To merge a repository <repo>
at revision <rev>
as subdirectory <prefix>
, use git subtree add
as follows:
git subtree add -P <prefix> <repo> <rev>
git-subtree implements the subtree merge strategy in a more user friendly manner.
The downside is that in the merged history the files are unprefixed (not in a subdirectory). Say you merge repository a
into b
. As a result git log a/f1
will show you all the changes (if any) except those in the merged history. You can do:
git log --follow -- f1
but that won't show the changes other then in the merged history.

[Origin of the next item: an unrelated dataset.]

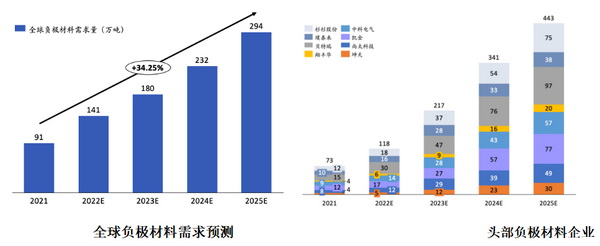 未來在新能源車以及儲能領(lǐng)域快速發(fā)展的帶動下,負(fù)極材料的需求仍呈現(xiàn)高速增長態(tài)勢。預(yù)計(jì)2025年全球負(fù)極材料需求將達(dá)到294萬噸。從各頭部廠家的產(chǎn)能布局來看,頭部負(fù)極材料企業(yè)產(chǎn)能總計(jì)達(dá)443萬噸。

In other words, if you don't change a
's files in repository b
, then you need to specify --follow
and an unprefixed path. If you change them in both repositories, then you have 2 commands, none of which shows all the changes.
More on it here.
I found the following solution workable for me. First I go into project B, create a new branch in which already all files will be moved to the new sub directory. I then push this new branch to origin. Next I go to project A, add and fetch the remote of B, then I checkout the moved branch, I go back into master and merge:
# in local copy of project B
git checkout -b prepare_move
mkdir subdir
git mv <files_to_move> subdir/
git commit -m 'move files to subdir'
git push origin prepare_move
# in local copy of project A
git remote add -f B_origin <remote-url>
git checkout -b from_B B_origin/prepare_move
git checkout master
git merge from_B
If I go to sub directory subdir
, I can use git log --follow
and still have the history.
I'm not a git expert, so I cannot comment whether this is a particularly good solution or if it has caveats, but so far it seems all fine.